| WHAT THE TASK ASKS |
All lines from the top of the records below through the line holding "Die Räume befinden", and only those, should be printed exactly, minus the pictures.

(DATA TO PROCESS begins)

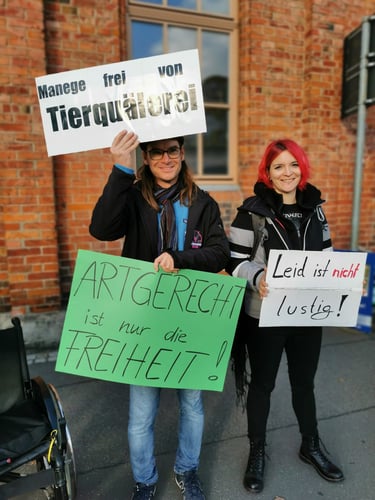Um darauf aufmerksam zu machen, organisieren wir Demos, wenn sich ein Zirkus mit Tieren ankündigt. Denn Tiere sind keine Unterhaltung! Wir möchten den Menschen zeigen, dass Zirkus auch ohne Tierquälerei möglich ist. Dafür gibt es inzwischen viele gute Beispiele, die in modernen Shows ihr Publikum mit Menschen begeistern, nicht mit Dressur.
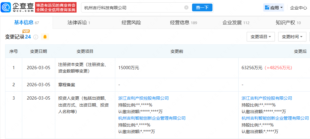 企查查APP显示,近日,杭州吉行科技有限公司发生工商变更,注册资本由1.5亿人民币增至约6.3亿人民币,增幅约322%。
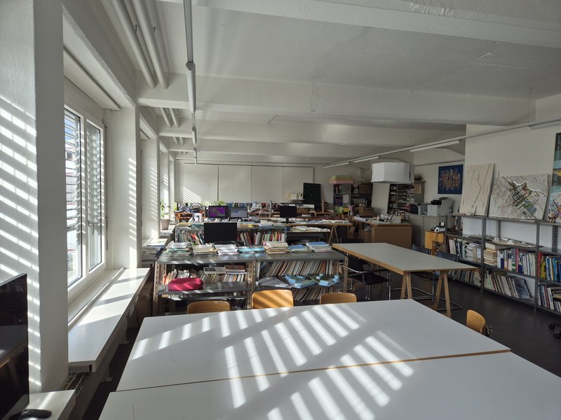 Die Räume befinden sich im 3. Obergeschoss. Die Hauptfläche misst rund 100m². Ein Lagerraum von 20m² kann dazu gemietet werden.
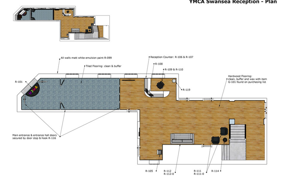 YMCA is an organisation that supports young people by offering recreational activities in designated spaces such as gyms, dance studios, theatres, dojos, and recording studios. Authentic Attribute was tasked to design the reception area of YMCA Swansea. Originally displaying magnolia walls with worn-down furniture, the room required a face-lift. The questionnaire collected from the staff highlighted the high footfall and diversity of the place. Simplicity, neutral colours, and comfortable furniture created a space that is suitable for everyone.
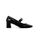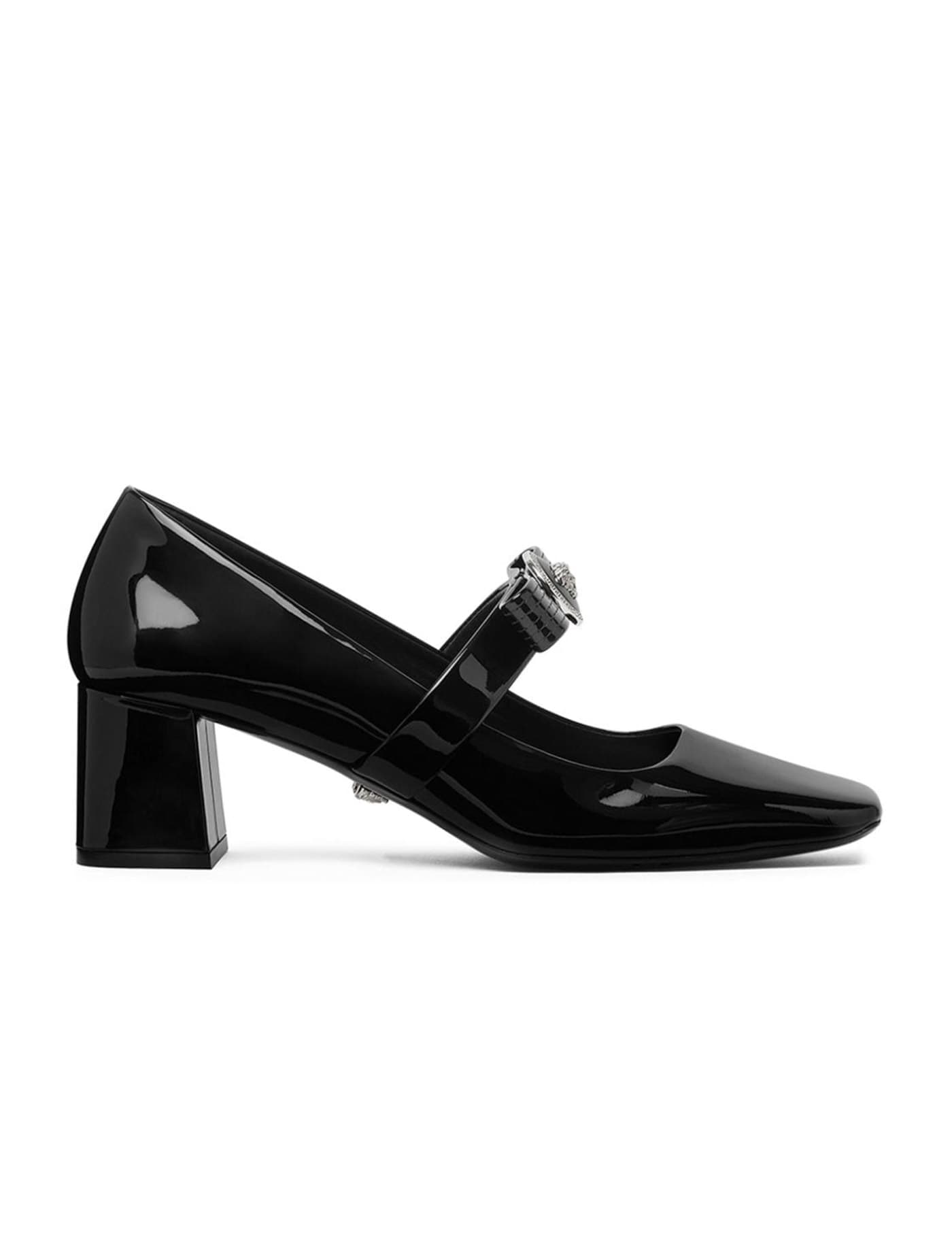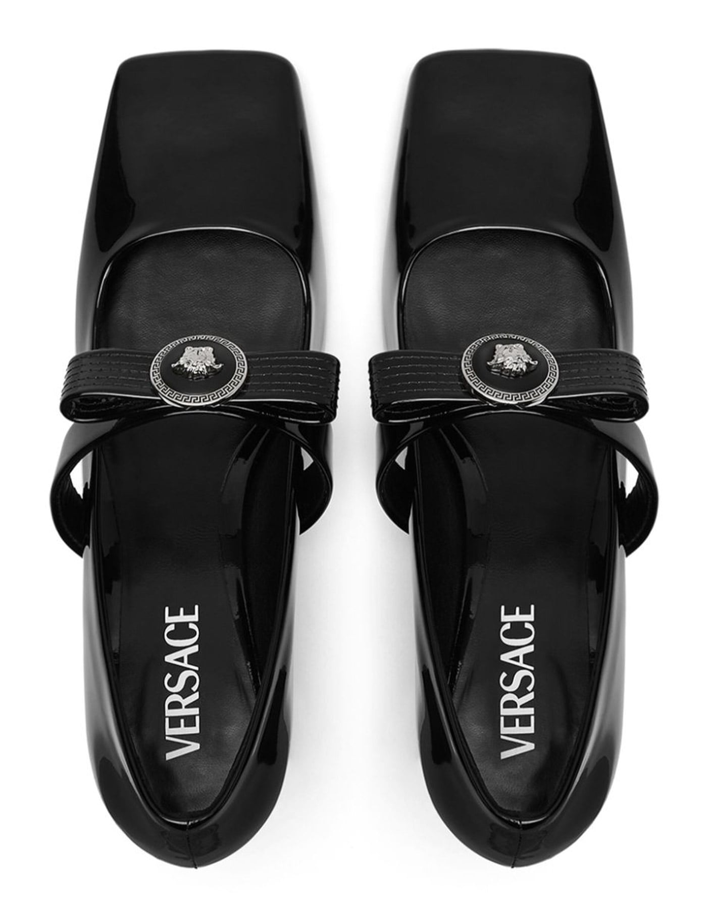 Black calf leather patent finish bow detailing medusa plaque detail slip-on style square toe branded insole mid block heel
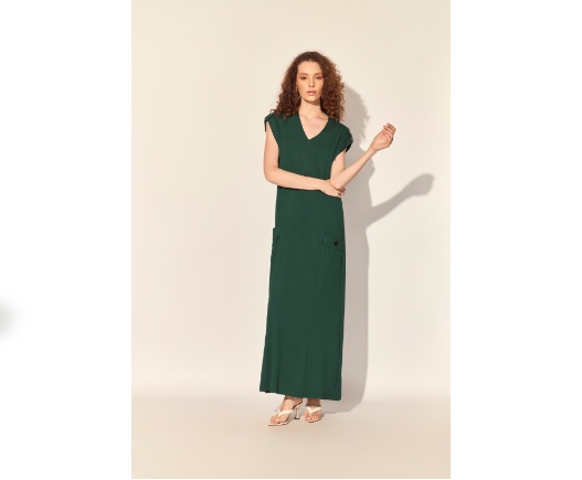 Vestido longo verde da Reserva Natural, com decote V e modelagem fluida que garante conforto e elegância. Detalhe que lembra bolsos frontais com detalhe em botão trazem charme funcional. Ideal para um look casual sofisticado no dia a dia ou ocasiões especiais.
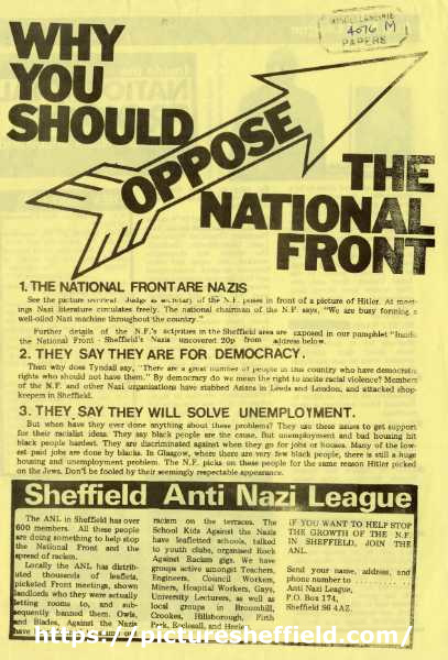 | Why you should oppose the National Front, by the Sheffield Anti-Nazi League, 1970s (front) | |
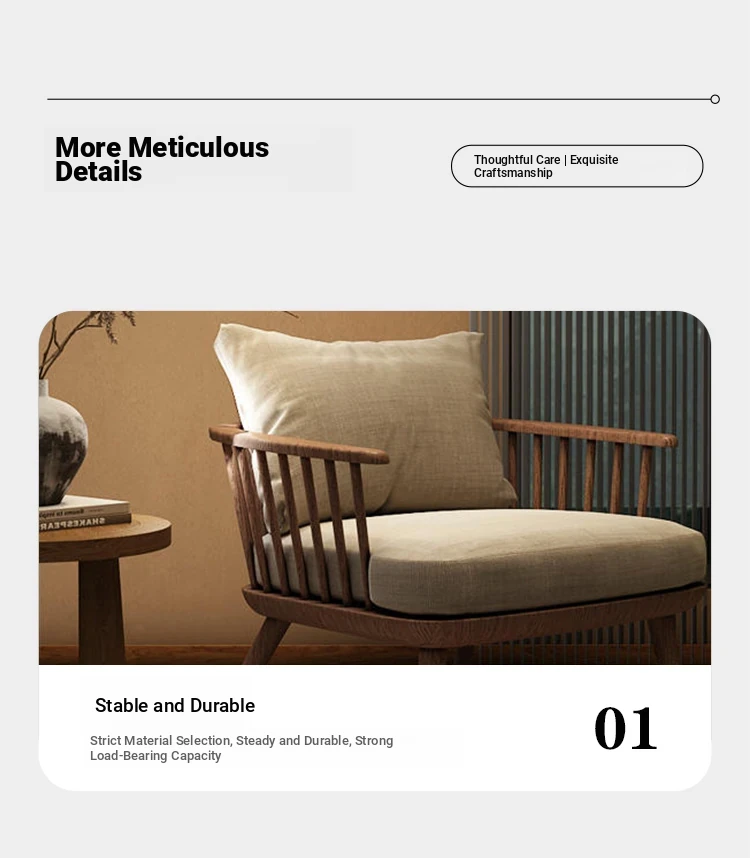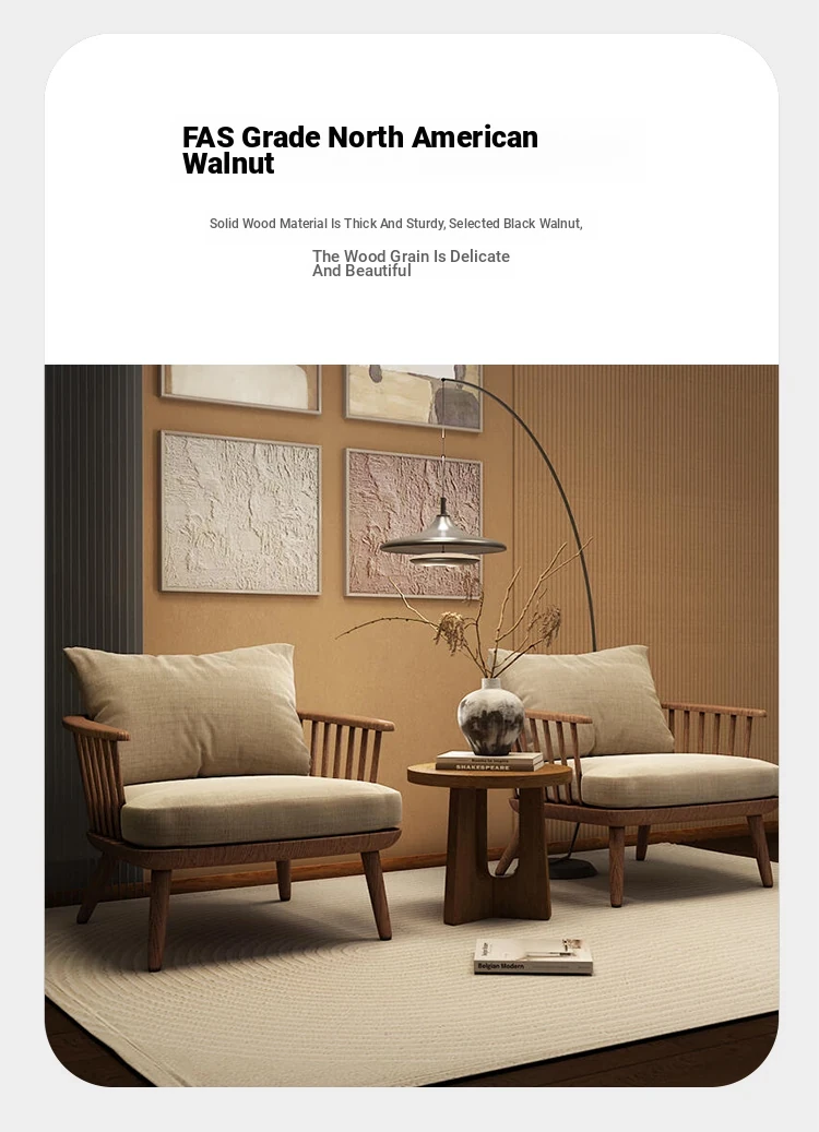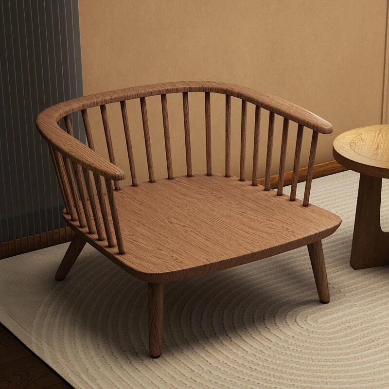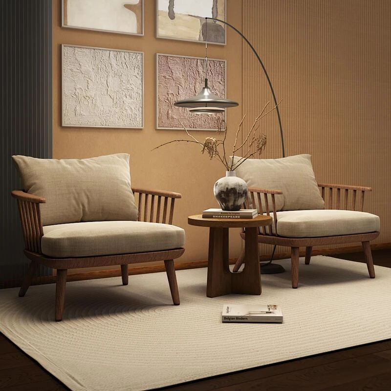 Modern Chinese Style Solid Wood Sofa Chair - Minimalist Design for Living Room, Leisure Seating, Luxury Villa Showroom, Hotel Reception Chair
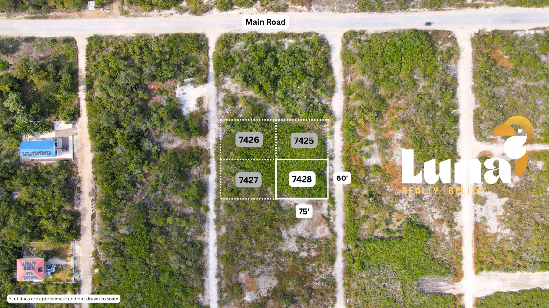 Parcel 7428 features 60 x 75 ft (423 sq. meters) of solid ground with natural vegetation in Grand Belizean Estates. Located only 5 minutes from Secret Beach, this lot offers easy access to the sand and surf while maintaining privacy.
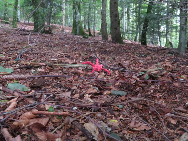 Van verre zie ik al het surrealistische rood van de inktviszwam. Hij is prachtig, buitenaards mooi! Ook al mist hij een halve tentakel. Is er toch al weer zo’n snoeperd langs geweest. De inktviszwam is een stinkzwammensoort en dat kun je ruiken, maar gelukkig biedt de lekkere vochtige bosgeur een mooi tegenwicht.
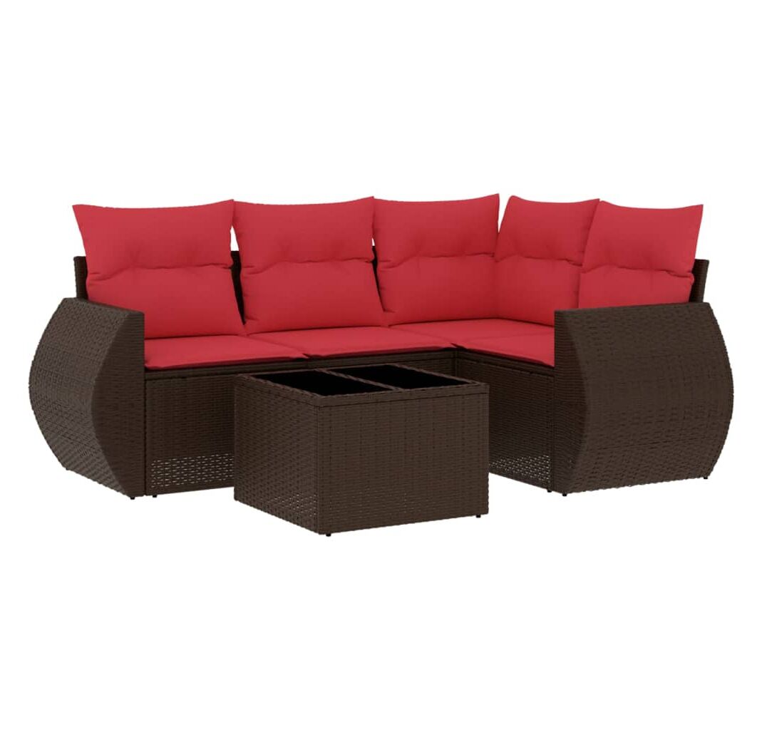 Set canapele de grădină cu perne, 5 piese, maro, poliratan

(DATA TO PROCESS ends)

| EXERCISE SOLUTION |
Um darauf aufmerksam zu machen, organisieren wir Demos, wenn sich ein Zirkus mit Tieren ankündigt. Denn Tiere sind keine Unterhaltung! Wir möchten den Menschen zeigen, dass Zirkus auch ohne Tierquälerei möglich ist. Dafür gibt es inzwischen viele gute Beispiele, die in modernen Shows ihr Publikum mit Menschen begeistern, nicht mit Dressur.
 企查查APP显示,近日,杭州吉行科技有限公司发生工商变更,注册资本由1.5亿人民币增至约6.3亿人民币,增幅约322%。
 Die Räume befinden sich im 3. Obergeschoss. Die Hauptfläche misst rund 100m². Ein Lagerraum von 20m² kann dazu gemietet werden.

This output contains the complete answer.